South Korean Trainee Doctors Consider Return to Hospitals in September
Trainee doctors in South Korea may be preparing to return to hospitals in September, signaling a possible resolution to the ongoing conflict with the government that began in early 2024. The Korean Intern Resident Association (KIRA), which represents thousands of junior doctors, is expected to recommend an unconditional return for all residents during the upcoming fall recruitment cycle. This decision marks a significant shift in strategy and could represent a turning point in the long-standing dispute.
The association, which has been at the center of the controversy over the previous administration’s revised plan to expand medical school admissions, has adopted a “return first, negotiate later” approach. This decision was confirmed on July 14 and comes as public frustration grows over the prolonged absence of trainee doctors from hospitals.
KIRA plans to formalize this new policy after a general assembly of trainee representatives from hospitals across the country, scheduled as early as July 19. On July 14, group leaders also met with Rep. Park Ju-min, chair of the National Assembly’s Health and Welfare Committee, as part of preliminary discussions before broader negotiations.
Experts suggest that the change in stance is partly due to increasing public pressure. A January poll conducted by Seoul National University’s Graduate School of Public Health found that 88 percent of respondents believed the extended medical walkout had negatively affected patient care. Senior physicians and medical professionals have reportedly encouraged KIRA to adopt an unconditional return policy to reduce resistance from government officials.
In addition to the return decision, KIRA is also preparing a list of policy demands to present to the new administration. One key request involves revisiting the former government’s “essential healthcare support package.” Specific proposals include expanded legal protections for doctors involved in unavoidable medical accidents and increased incentives for physicians working in rural or underserved areas, where monthly subsidies currently reach a maximum of 4 million won (approximately $2,900).
Other proposed measures include temporary exceptions for returning residents. These include a special deferment of mandatory military service and an early licensing exam window in August 2026, ahead of the standard 2027 schedule. The Ministry of Health and Welfare is reportedly reviewing these proposals internally. With the ruling party emphasizing the need to “normalize” healthcare services, some of these demands may be accommodated.

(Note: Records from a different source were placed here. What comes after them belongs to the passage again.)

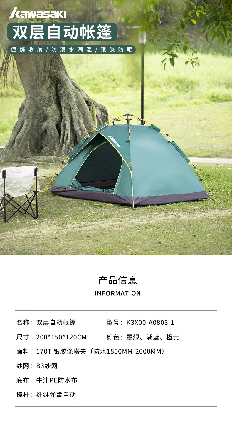 川崎 帐篷 户外 双层自动帐篷 K3X00-A0803-1
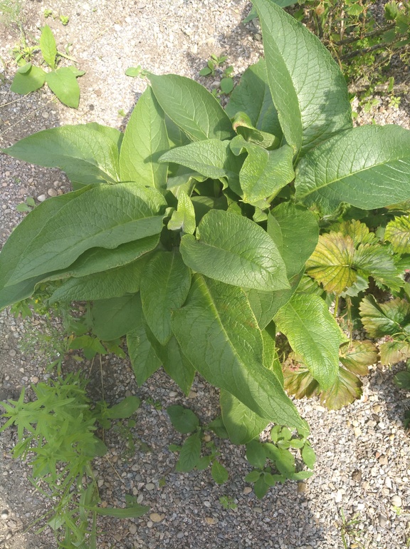 И подумалось мне, вдруг это полезная травка -муравка какая-нибудь, раз такая живучая. Кто опознал? Зеленые широкие шершавые листья. Не знаю, цветет ли, потому как до цветения выкапывала.
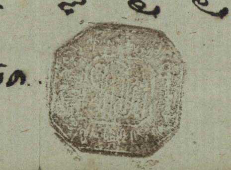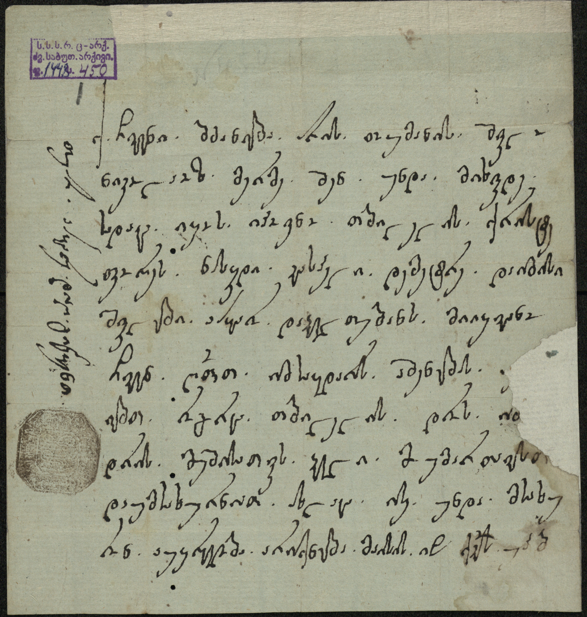 ჭვირნიშნიანი ქაღალდი ცისფერი, შესრულებული შავი მელნით
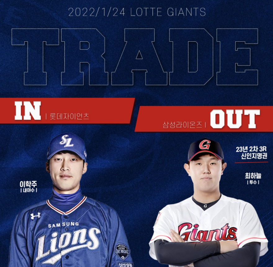 프로야구 삼성 라이온즈의 내야수 이학주가 롯데 투수 최하늘과 2023 KBO리그 신인드래프트 2차 3라운드 지명권의 1대 2 맞트레이드를 통해 롯데로 이적한다.
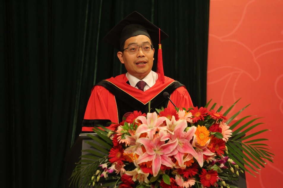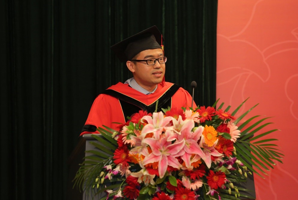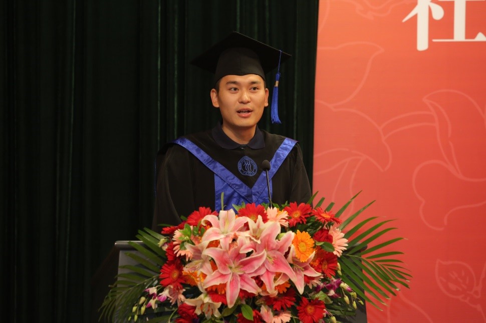 毕业生代表、2017级硕士先虹锦发言。他与大家共同深情回顾了自己的人大记忆,感谢母校带给自己的改变和成长,并祝愿人大永葆青春,全体毕业生能够希望常在,生命常青。
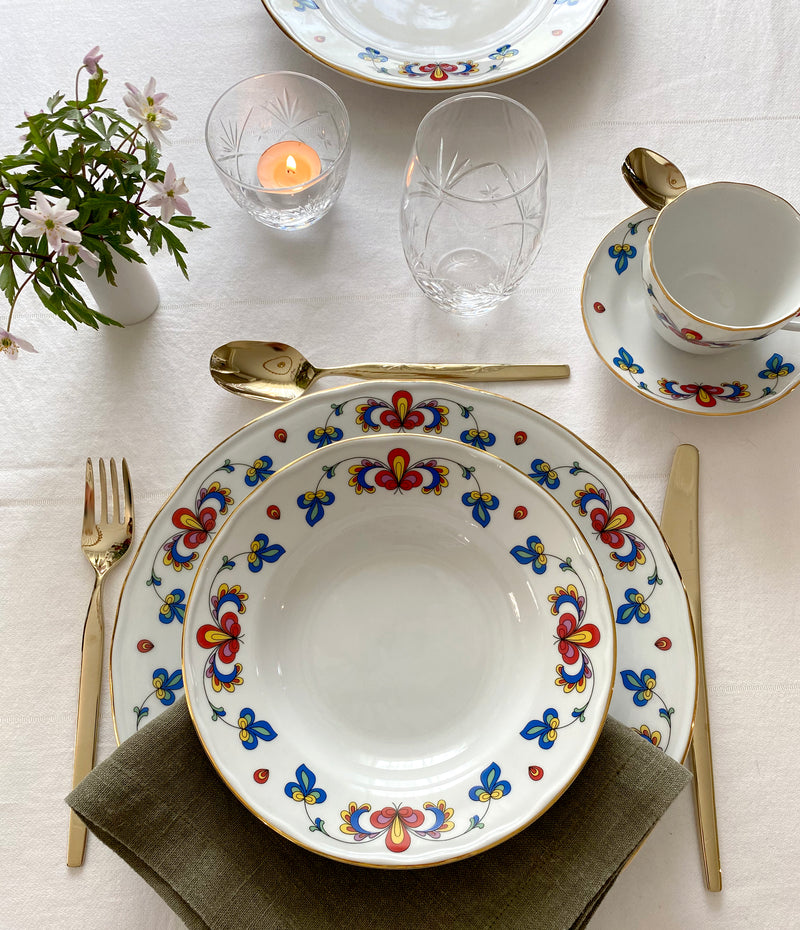 Oppvaskmaskin: Serviser med overglasurdekorer, spesielt gull og platina, er mer utsatt for slitasje og vi anbefaler derfor oppvask for hånd. Generelt anbefaler vi skånsom vask og bruk av glansemiddel, da opprettholdes glasurens glans og du forlenger servisets levetid. ikrobølgeovn: Artikler med gull eller platinadekor må ikke brukes i mikrobølgeovn. Ovn: Vi anbefaler ikke at du setter porselensartikler med gull eller platinadekor i ovnen.
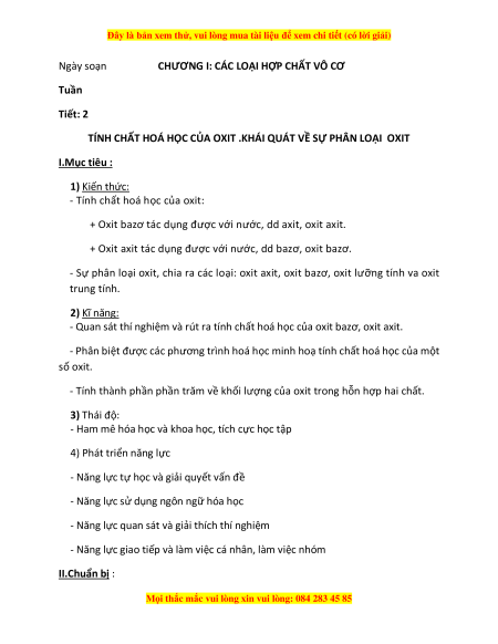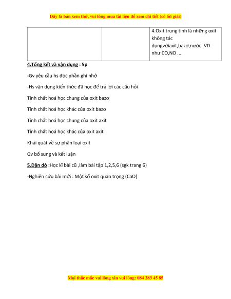 - Sự phân loại oxit, chia ra các loại: oxit axit, oxit bazơ, oxit lưỡng tính va oxit trung tính. 2) Kĩ năng:
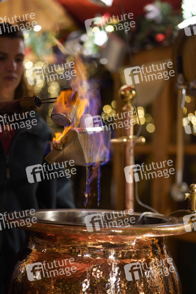 Zubereitung einer Feuerzangenbowle auf dem Weihnachtsmarkt am Roten Rathaus. Berlin, 02.12.2022
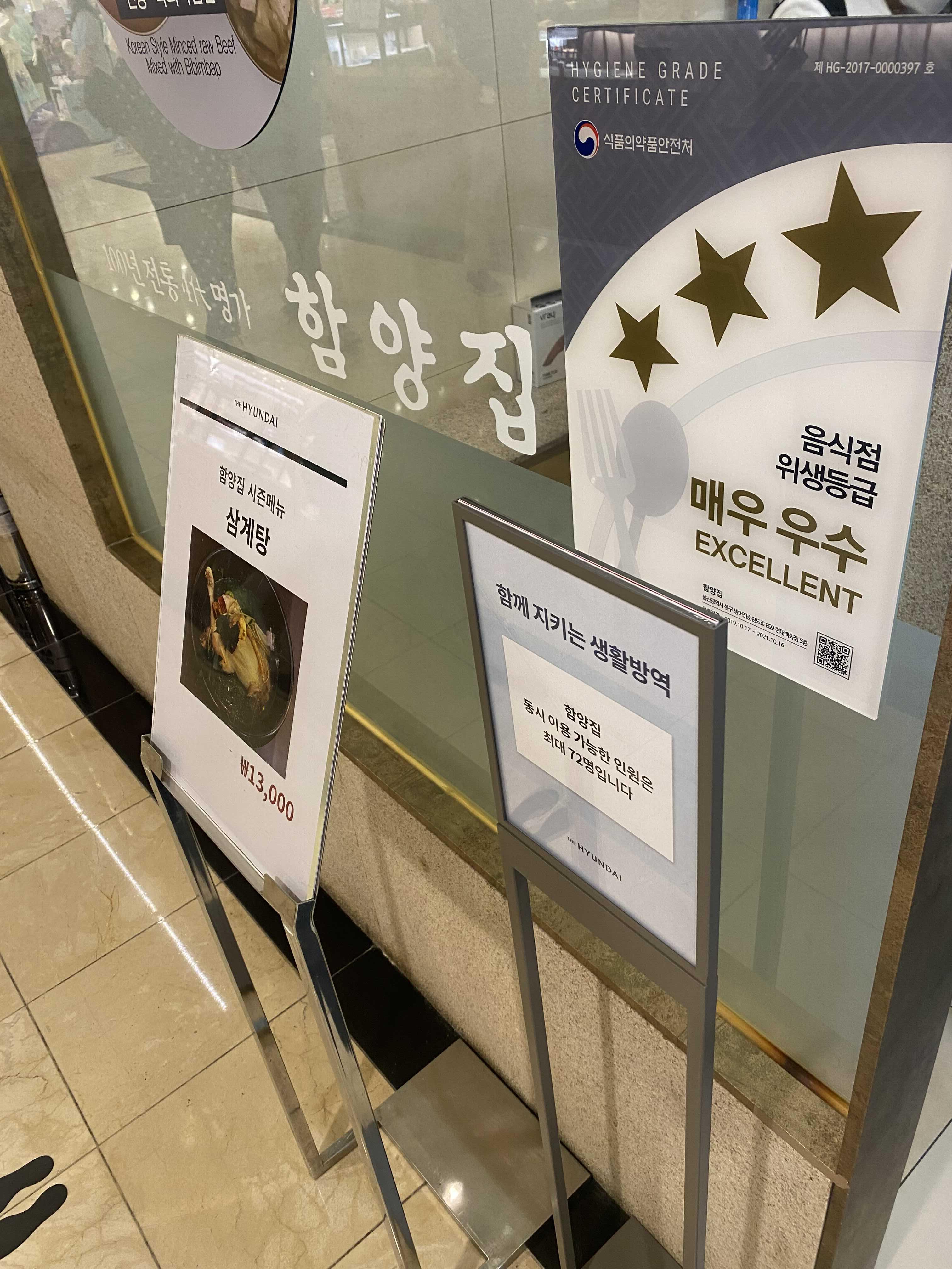 여름엔 이렇게 함양집 시즌메뉴라고 해서 삼계탕도 하고 있어요. 또 식약청에서 하는 음식점 위생등급 매우 우수 가게라서 믿고 먹을 수 있는 매장이라고 보시면되요!! ㅎㅎ
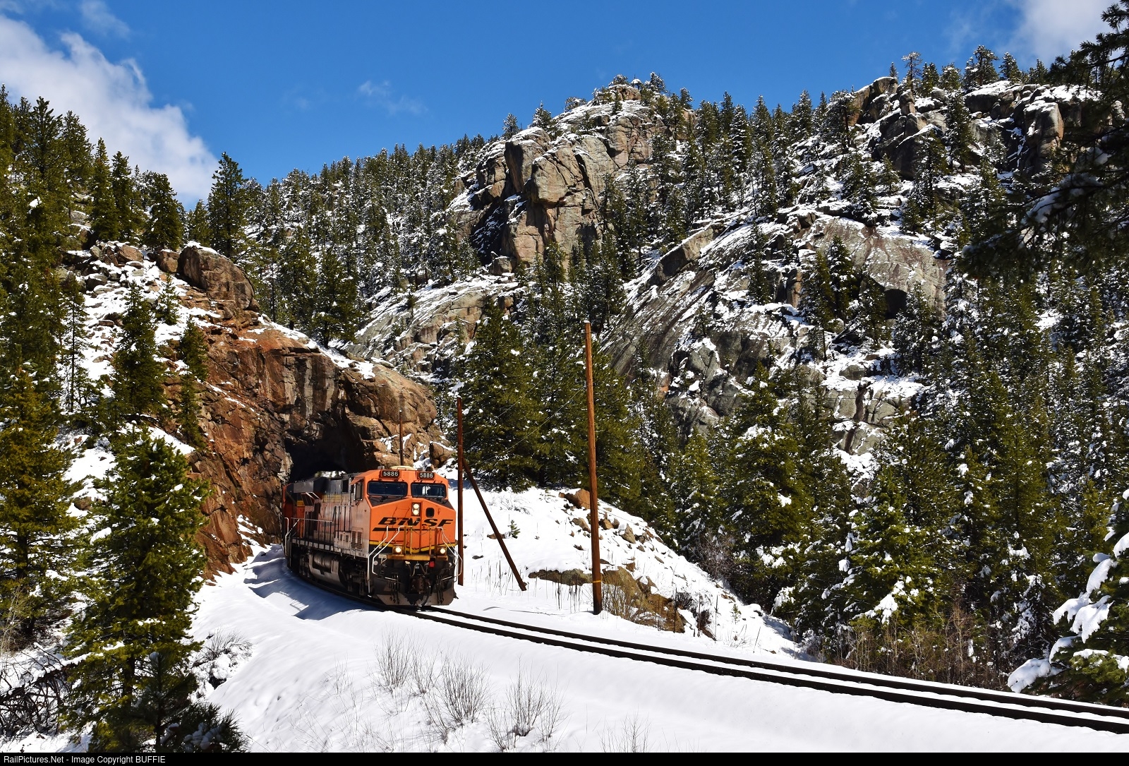 BNSF 5866 (ES44AC) exist Tunnel #29 at Pinecliffe, Colorado and will continue down the mountain towards Denver on the Moffat Tunnel Sub.

However, the proposed return is not without controversy. On July 14, the Korea Alliance of Patients Organization—a coalition of nine patient advocacy groups—held a press conference warning against preferential treatment for doctors and students who had left their posts. The group stated that if those who refused to return are welcomed back with special privileges, it would undermine fairness and public trust.
It remains uncertain how many doctors will ultimately return to the training system. Of the 13,531 residents who resigned in 2024, only 2,532 are currently working in training hospitals, representing a return rate of just 18.7 percent. Some physicians estimate that this rate could rise to 60 to 70 percent if the government shows flexibility on key issues. While roughly 60 percent of the departed residents are now practicing in private clinics, many are reportedly considering a return to complete board certification.
Despite potential reinstatement, doctors in high-liability, low-compensation specialties such as internal medicine, general surgery, pediatrics, and obstetrics—often referred to as “essential fields”—remain hesitant due to low reimbursement rates and frequent legal disputes. In contrast, residents in dermatology, ophthalmology, and plastic surgery—specialties with greater earning potential post-certification—are expected to return in larger numbers.